- Data records -
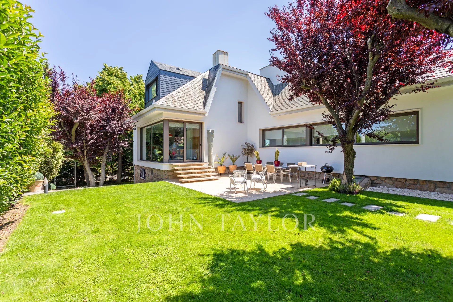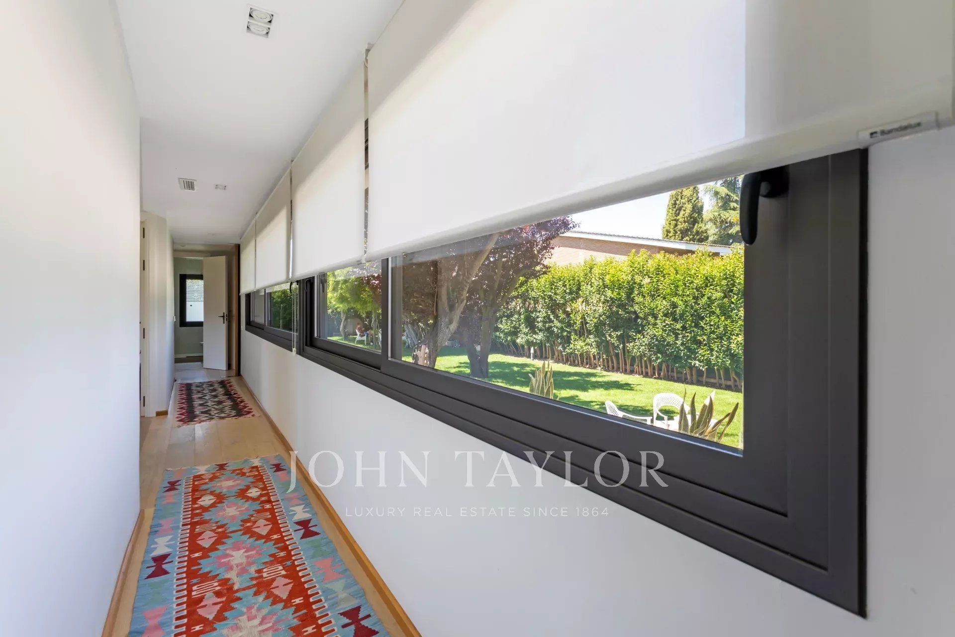 The basement of the home houses a number of additional amenities that add value to the property. Here you will find a games room, ideal for children and teenagers, a fully equipped gym and an air-conditioned wine cellar for wine lovers. In addition, the garage can accommodate several vehicles and has an advanced security system.
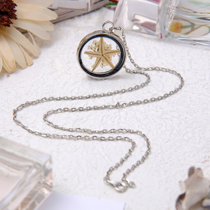 Кулон из стекла "Венеция" круг, морская звезда, цвет бежевый в серебре, 50 см
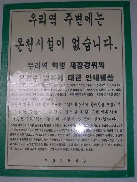 안산시에선 온천없는 온천역이어서 역이름을 바꾸려고 하고 주민들은 온천개발을 원해서 역이름 개정을 반대하는 입장이라고 하네요.
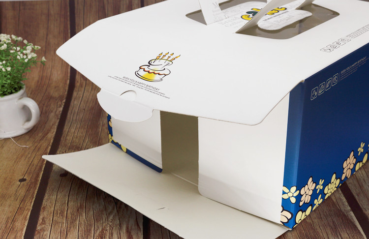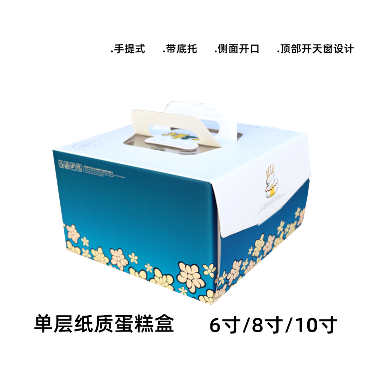蓝色小花 手提纸质单层蛋糕盒 6/8/10寸 生日蛋糕包装盒 带底托
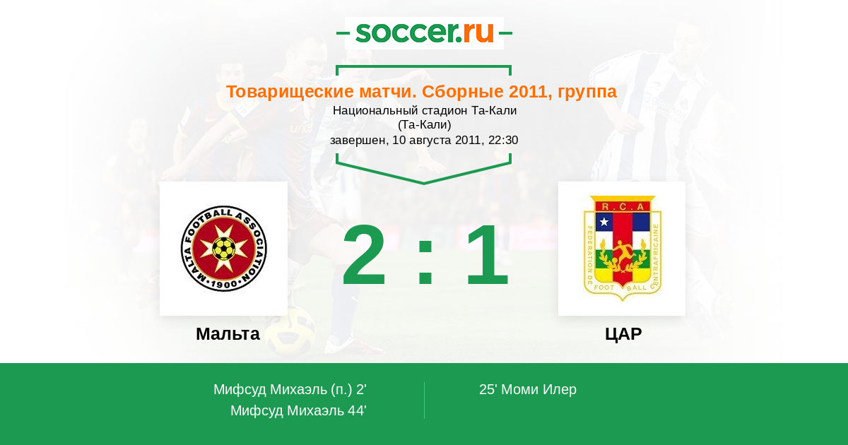 44' (2:1) Мифсуд Михаэль
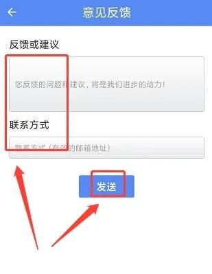 4. 打开意见反馈窗口,在相应位置填写反馈或建议内容以及联系方式,随后点击【发送】按钮,就能完成意见反馈。
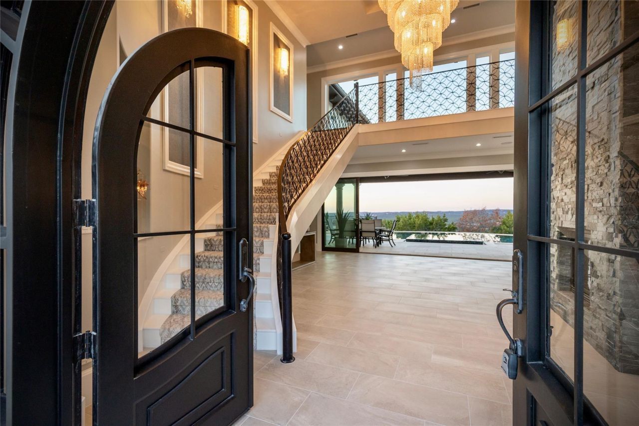 This beautifully designed home sits high above one of Austins most desirable communities, Davenport Ranch, on the edge of Westlake Hills, and offers stunning views of the surrounding Texas Hill Country, world-class architecture, and luxury finishes throughout.The dramatic entry features a sweeping staircase and abundant windows that fill the home with natural light, creating an immediate and inviting first impression. An open floor plan unfolds gradually, revealing a series of well-designed spaces: a cozy covered porch overlooking the spa, expansive Hill Country views, a nearly nightclub-sized bar and game room, a theater room with sunken seating, a study, a guest room, and more.The main level also includes a wonderful kitchen, living room, and dining area that works equally well for everyday living and entertaining. Upstairs, the home offers an enormous primary suite with a large walk-in closet, covered terrace, and a luxurious dressing area. A separate sleeping wing includes three additional bedroom suites and an oversized game room, providing privacy and flexibility.Above the three-car garage is a private one-bedroom, one-bath apartment with its own living room and kitchen, ideal for guests or extended stays.The home sits on approximately 2.6 acres, offering exceptional space and flexibility for future customization in accordance with HOA guidelines.
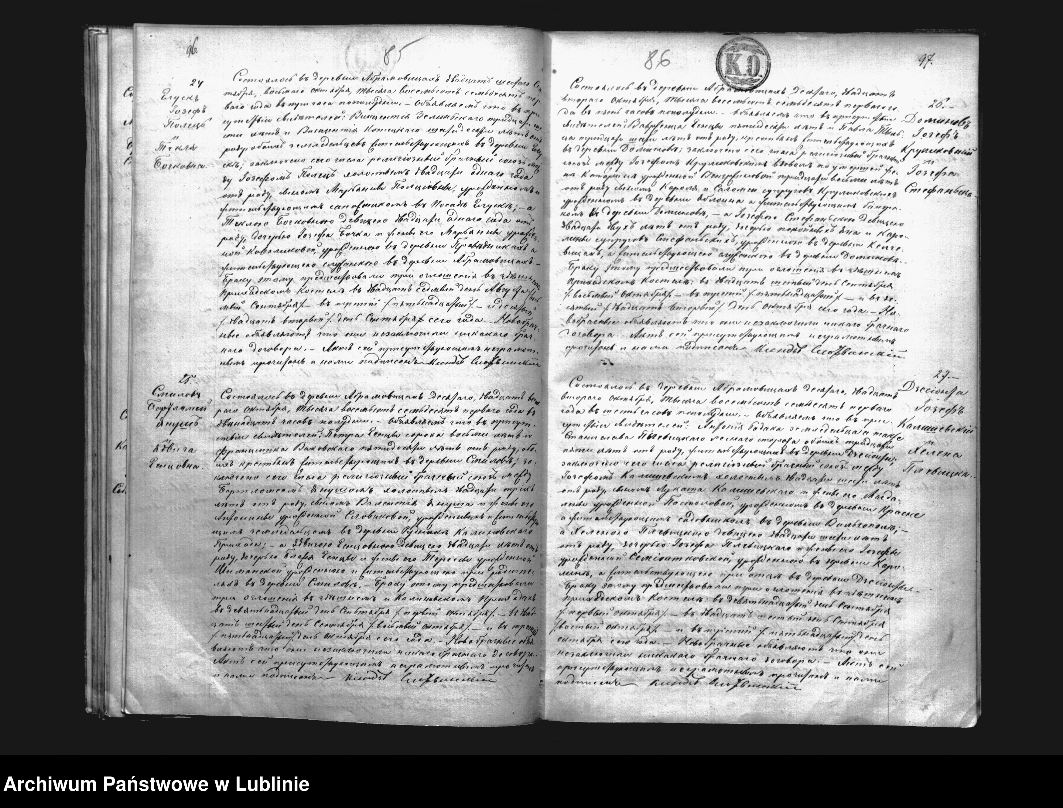 Zwracam się z prośbą o tłumaczenie aktu ślubu- nr aktu 26, zawartego w Abramowicach w roku 1876 między Józefem Królikowskim i Józefą Stefańską(?).
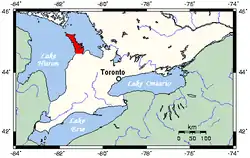 Mapa do sul do Ontário com a península Bruce a vermelho
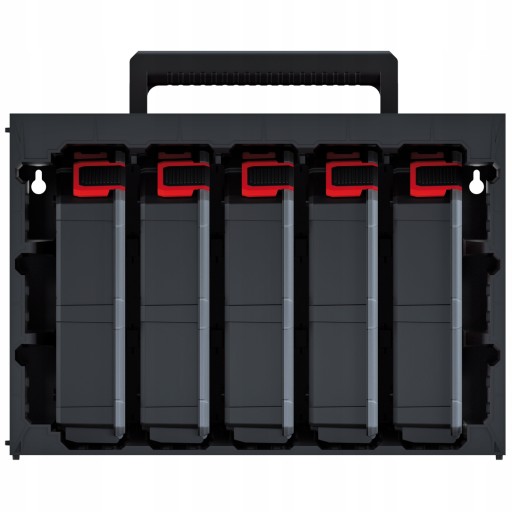 System TAGER CASE jest oferowany w zestawie z pięcioma pionowo ułożonymi organizerami serii tager w rozmiarze 30x25cm lub trzema poziomo ułożonymi organizerami serii tager w rozmiarze 40x30cm. System posiada blokadę przed wypadaniem oranizerów oraz otwory montażowe zapewniające szybki i łatwy montaż na ścianie.
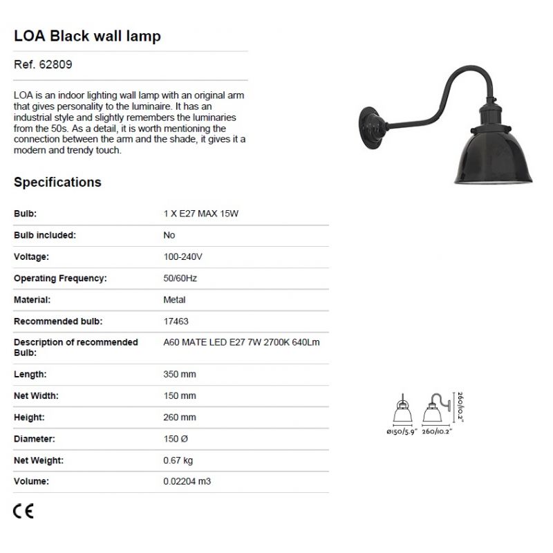 Putere | 1x 15Watt bec LED E27 exclus din pret (bec recomandat cod referinta:17463) |
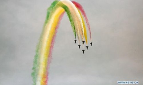 J-10 fighter jets of China's Bayi Aerobatic Team perform during the rehearsal of the Pakistan National Day army parade in Islamabad, capital of Pakistan, March 18. Pakistan National Day is celebrated annually on March 23.
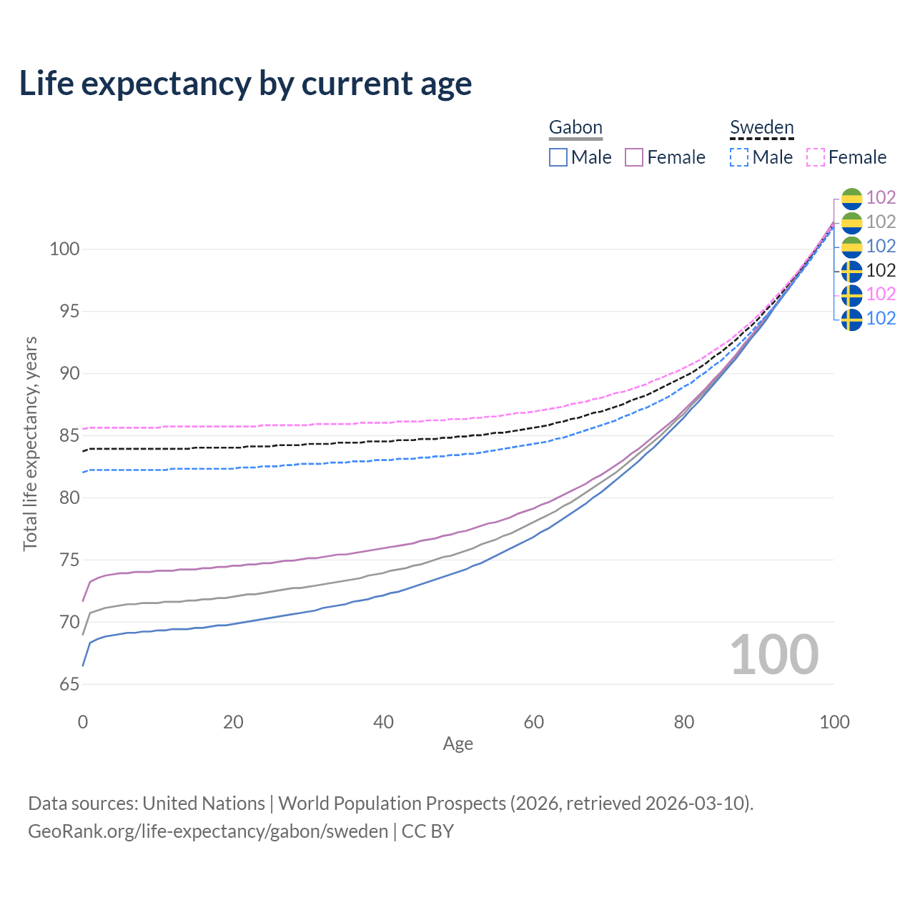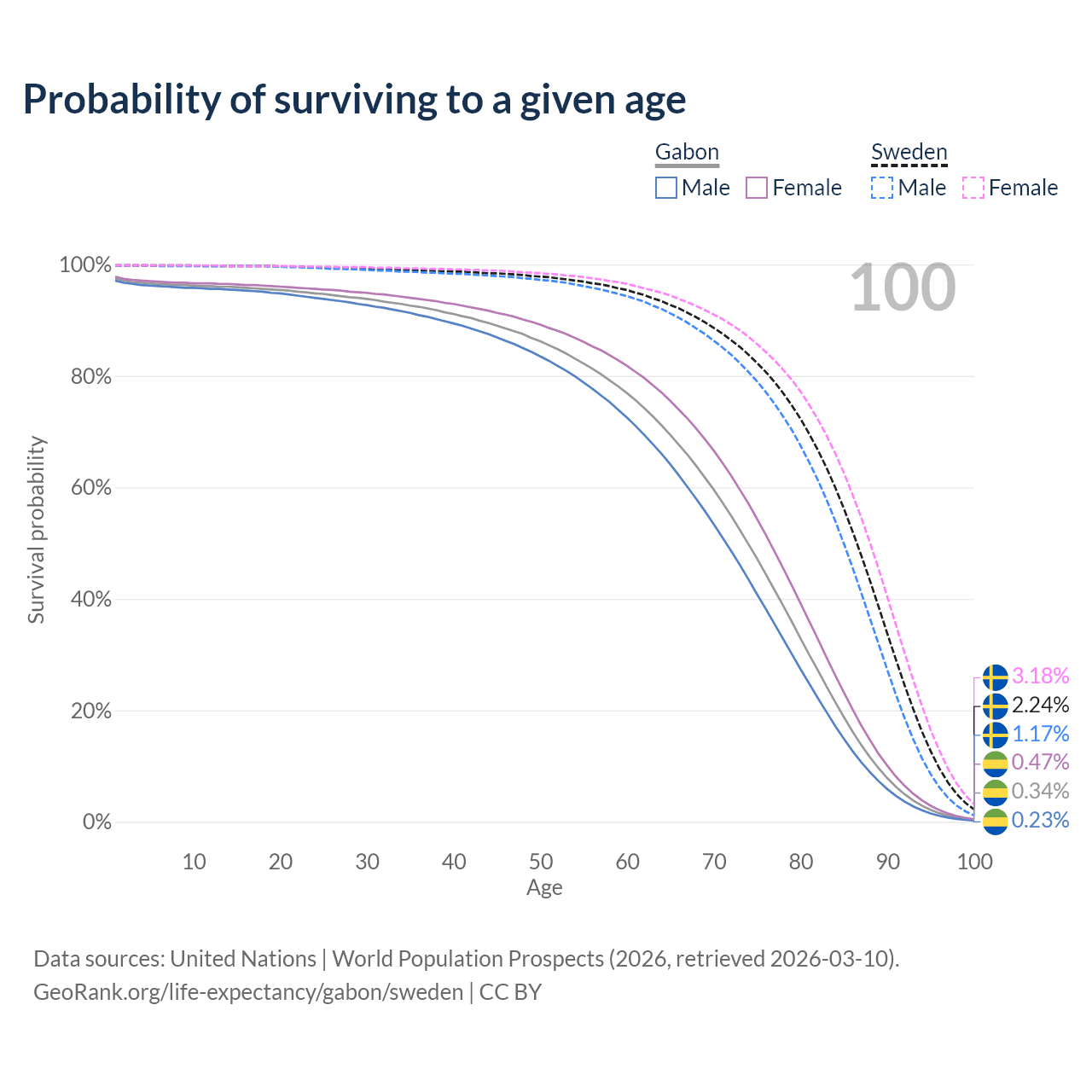This life expectancy calculator shows the odds of living to 100, 95, 90, and below based on current age for both males and females in Gabon and Sweden, along with mean and median age of death. The calculations are based on the 2026 life tables (actuarial tables) from the UN World Population Prospects.
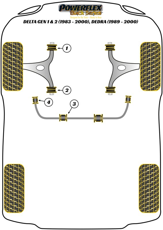 Front Lower Wishbone Front Bush Powerflex Polyurethane Bush Black Series Lancia Dedra inc Integrale (1989-1999) PFF1-801BLK
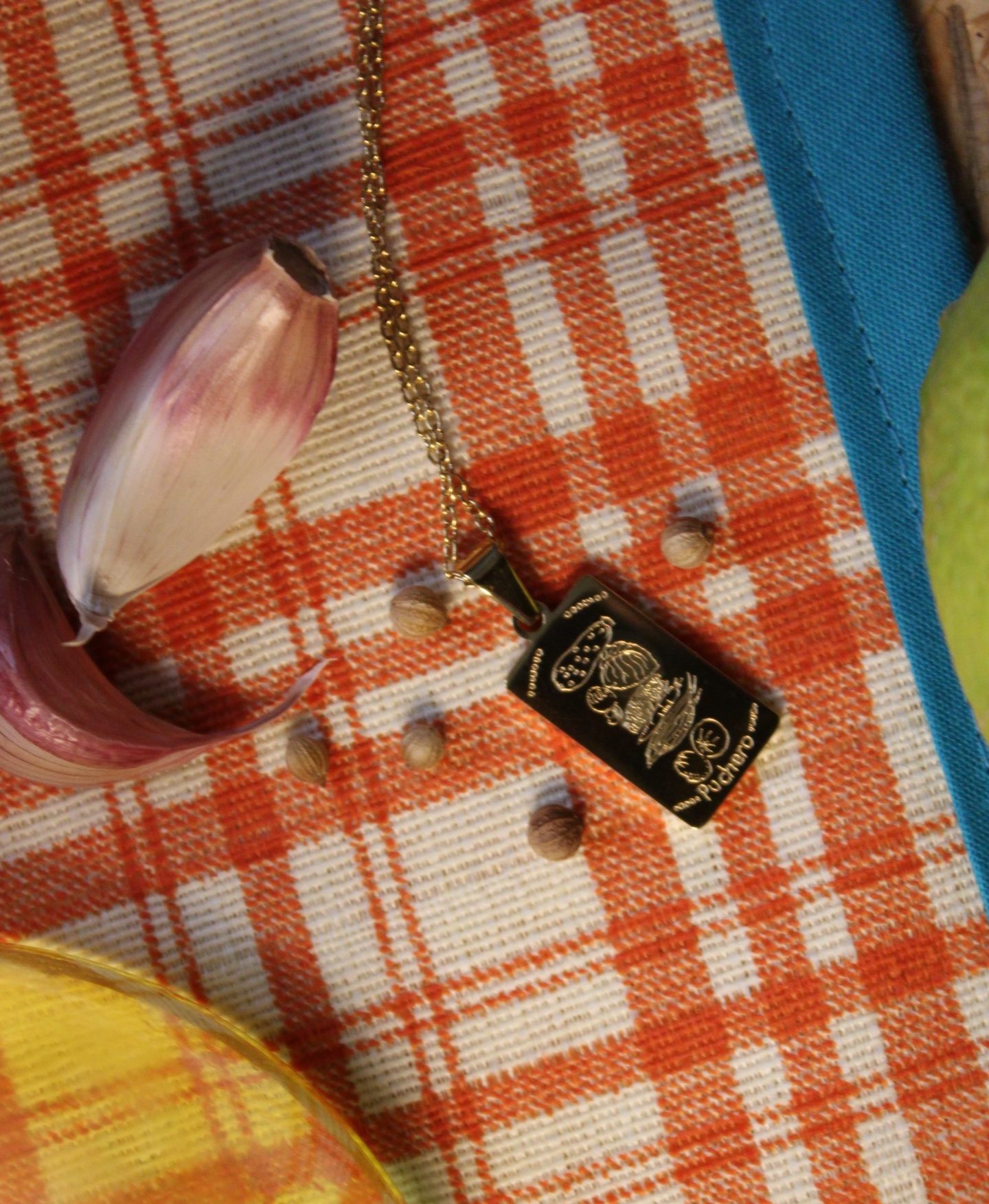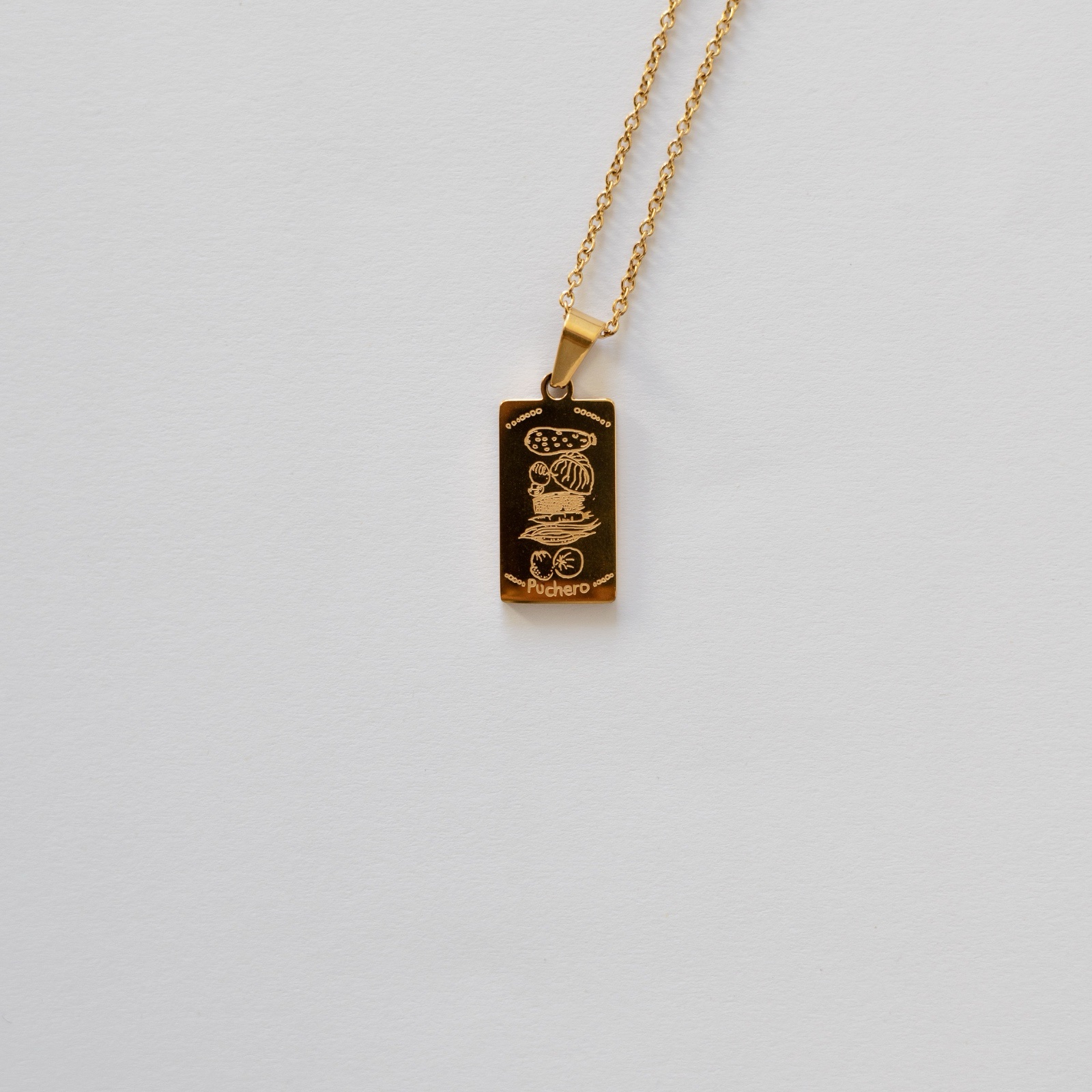 Cadena de 40cm de acero inoxidable, con chapa grabada con los ingredientes del Puchero Canario.

- Exercise aim -
Reproduce only the lines running from the beginning of the entries above to the line holding "4. 打开意见反馈窗口,在相", inclusive. Pictures stay out of the copy.

- Task result -
 The basement of the home houses a number of additional amenities that add value to the property. Here you will find a games room, ideal for children and teenagers, a fully equipped gym and an air-conditioned wine cellar for wine lovers. In addition, the garage can accommodate several vehicles and has an advanced security system.
 Кулон из стекла "Венеция" круг, морская звезда, цвет бежевый в серебре, 50 см
 안산시에선 온천없는 온천역이어서 역이름을 바꾸려고 하고 주민들은 온천개발을 원해서 역이름 개정을 반대하는 입장이라고 하네요.
蓝色小花 手提纸质单层蛋糕盒 6/8/10寸 生日蛋糕包装盒 带底托
 44' (2:1) Мифсуд Михаэль
 4. 打开意见反馈窗口,在相应位置填写反馈或建议内容以及联系方式,随后点击【发送】按钮,就能完成意见反馈。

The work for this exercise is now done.